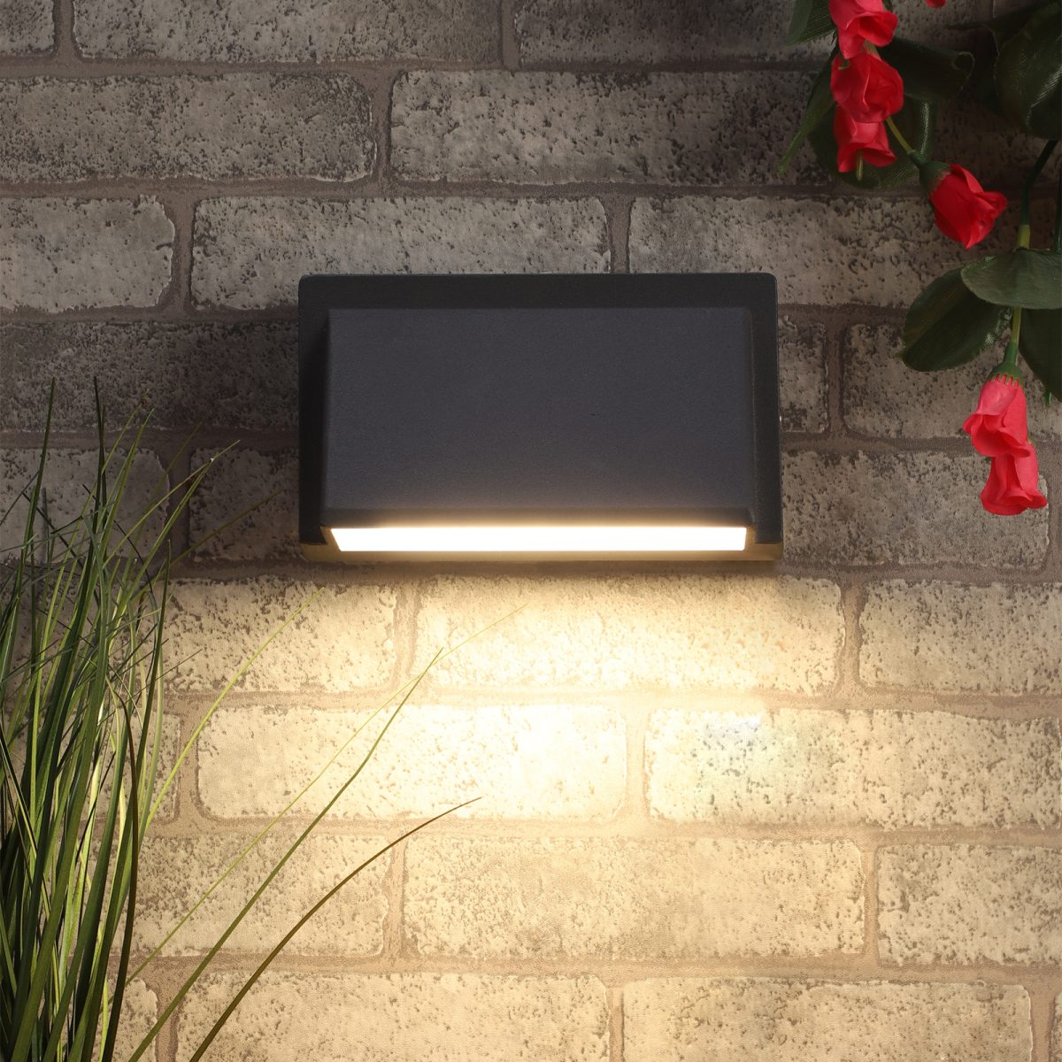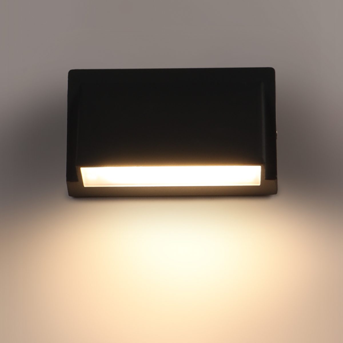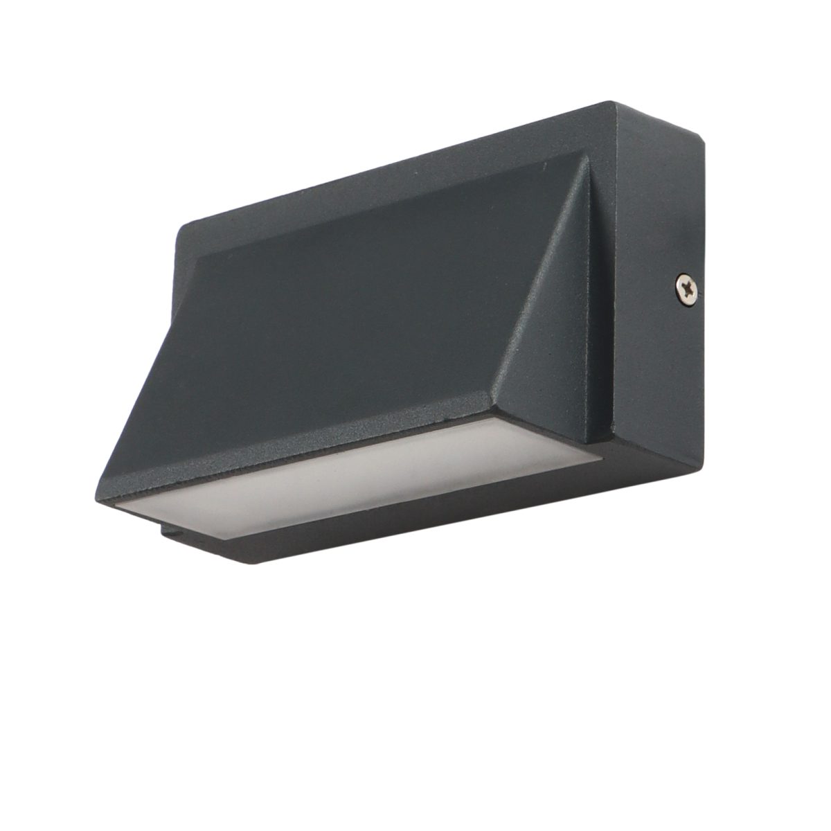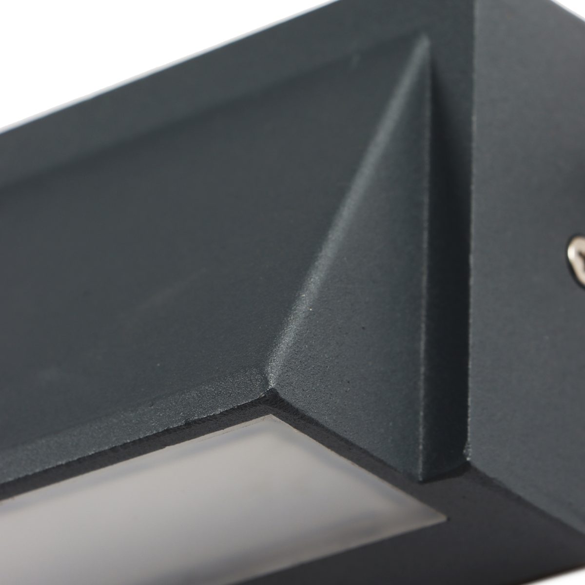 Rectangular one way (up or down) aluminum die cast outdoor wall light in gray finish using high quality LED and driver with high success rate having less than 0.5% replacement. It is a one way light with high light output. It is a premium design with good width and wider light output. It can be used in both indoor and outdoor applications such as stair case walls, terrace walls, outdoor walls, boundary walls, open parking, stilt parking, basement parking, passage walls, entrance pillars, name / address plate. Can also be used as surface foot light. IP54 rated. Protection against splashed water can be customized as per requirement for bulk quantities.
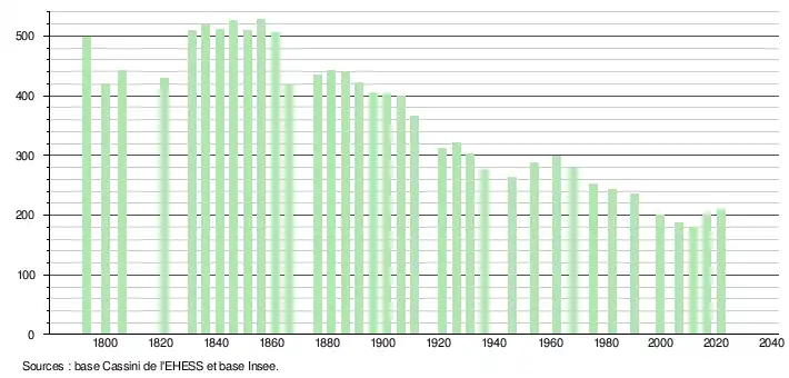 | L'évolution du nombre d'habitants est connue à travers les recensements de la population effectués dans la commune depuis 1793. Pour les communes de moins de 10 000 habitants, une enquête de recensement portant sur toute la population est réalisée tous les cinq ans, les populations légales des années intermédiaires étant quant à elles estimées par interpolation ou extrapolation[24]. Pour la commune, le premier recensement exhaustif entrant dans le cadre du nouveau dispositif a été réalisé en 2006[25]. En 2021, la commune comptait 210 habitants[Note 5], en augmentation de 8,25 % par rapport à 2015 (Hautes-Pyrénées : +1,04 %, France hors Mayotte : +1,84 %). |
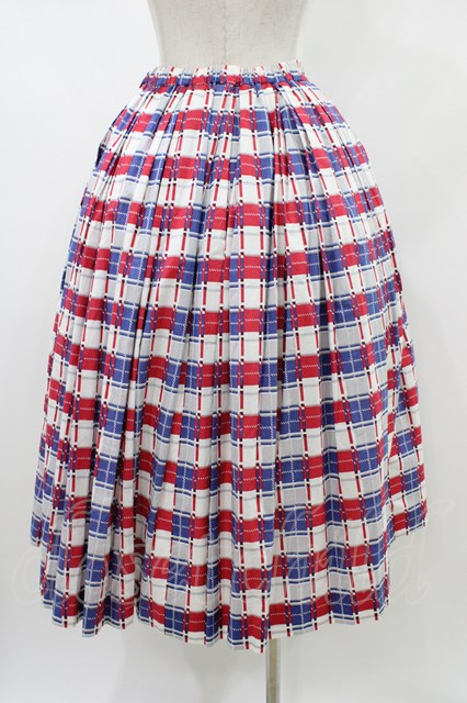 Jane Marple / Graffiti checkのトリプルタックスカート オフホワイト×ネイビー×レッド H-26-01-12-1041-JM-SK-KB-ZH [2100030000082989-H-26-01-12-1041-JM-SK-KB-ZH]
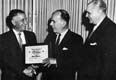 1965, and I receive the Citizen of the Year award from the Detective Crime Clinic of New York, New Jersey, and Connecticut. Mayor Louis Battaglia of my home town, Fairview, N. J., makes the presentation as New York State Police Captain Robert Herbstman witnesses.
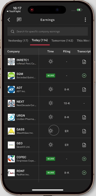 Users can access a new badge that indicates when a real-time transcript is being generated for an earnings event. Tap the live play button in the earnings widget, calendar, or company profile to view real-time transcript updates during calls.
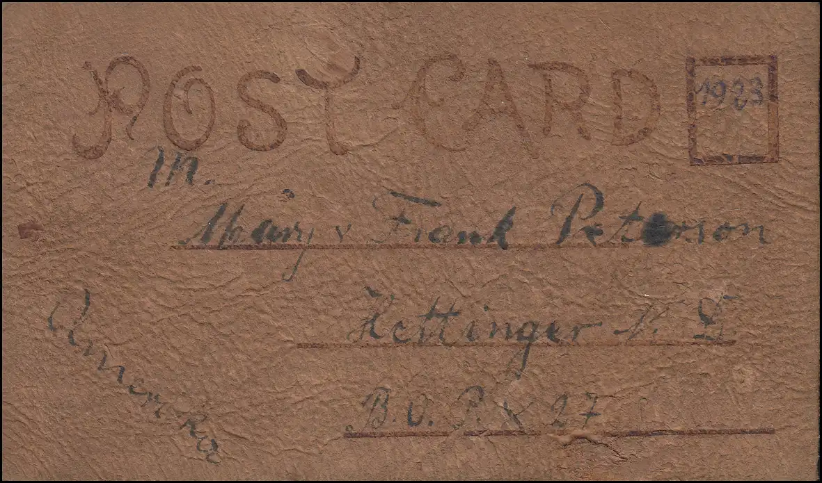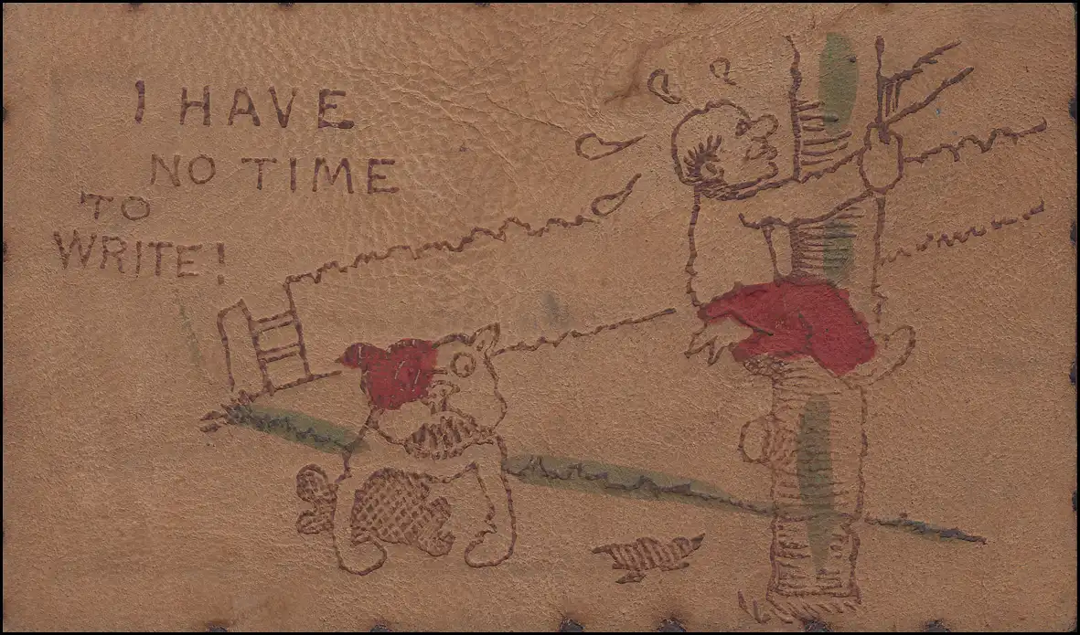 USA Post Card aus echtem Leder, Karikatur, Hunde-Attacke, um 1923
_ _ _ _
[What the task requires]: The lines above from the line with "Jane Marple /" through the line with "Users can access" are to be given again word for word, with no pictures among them.

[Response for this exercise]:
 Jane Marple / Graffiti checkのトリプルタックスカート オフホワイト×ネイビー×レッド H-26-01-12-1041-JM-SK-KB-ZH [2100030000082989-H-26-01-12-1041-JM-SK-KB-ZH]
 1965, and I receive the Citizen of the Year award from the Detective Crime Clinic of New York, New Jersey, and Connecticut. Mayor Louis Battaglia of my home town, Fairview, N. J., makes the presentation as New York State Police Captain Robert Herbstman witnesses.
 Users can access a new badge that indicates when a real-time transcript is being generated for an earnings event. Tap the live play button in the earnings widget, calendar, or company profile to view real-time transcript updates during calls.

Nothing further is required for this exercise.